Now I have one little bit more to add to this weird story. You know the good old soy sauce, so dear to the hearts of most people who like Oriental food? Well, its main ingredient for flavoring is — guess what? You'd never guess. Nothing else but dear old MSG! Of course, the Japanese use lots of soy sauce, so they sure do get plenty of MSG.
Don't you think somebody ought to bring these facts to the attention of the Japanese?

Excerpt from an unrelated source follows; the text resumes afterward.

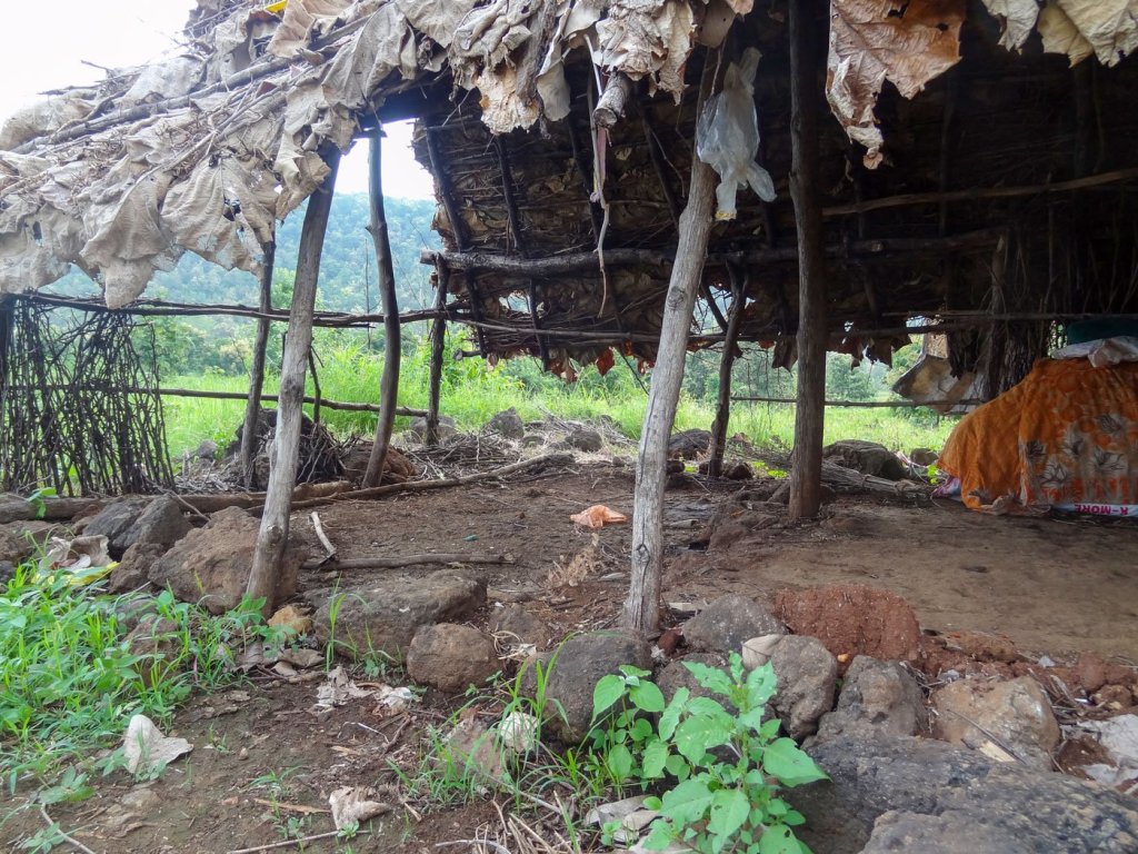 El pequeño toldo de paja que Champat había construido para sí mismo en su granja aparece desierto.

I love all people — Japanese, Chinese, Burmese or Timbuktuese — and I write nasty stories like this because of my sincere love for people .... except maybe those people who make MSG.
So, what is monosodium glutamate? I'd like to close this chapter with the following quotation from the writing if someone I consider to have been a truly great man .... and a wise one, too .... J. I. Rodale:
"Monosodium glutamate is a food flavoring used quite generally today by canners and restaurants to add flavor to foods. In the first place, the need for such artificial adding of food flavoring may be due to the way our food is raised today. With the use of chemical fertilizers, hybridization and other commercial practices that have entered into farming in the last few decades, there seems to be some evidence that the taste of food is degenerating. Those who grow their food organically note a great difference in the taste of their crops. At this point I believe that monosodium glutamate is a food product itself and as such is not dangerous to health. It is extracted from proteins. But you know how things are with big business that is always looking for cheaper and more efficient ways of manufacture. One of these days they will perfect a method of producing this chemical synthetically and then there may be danger in its use."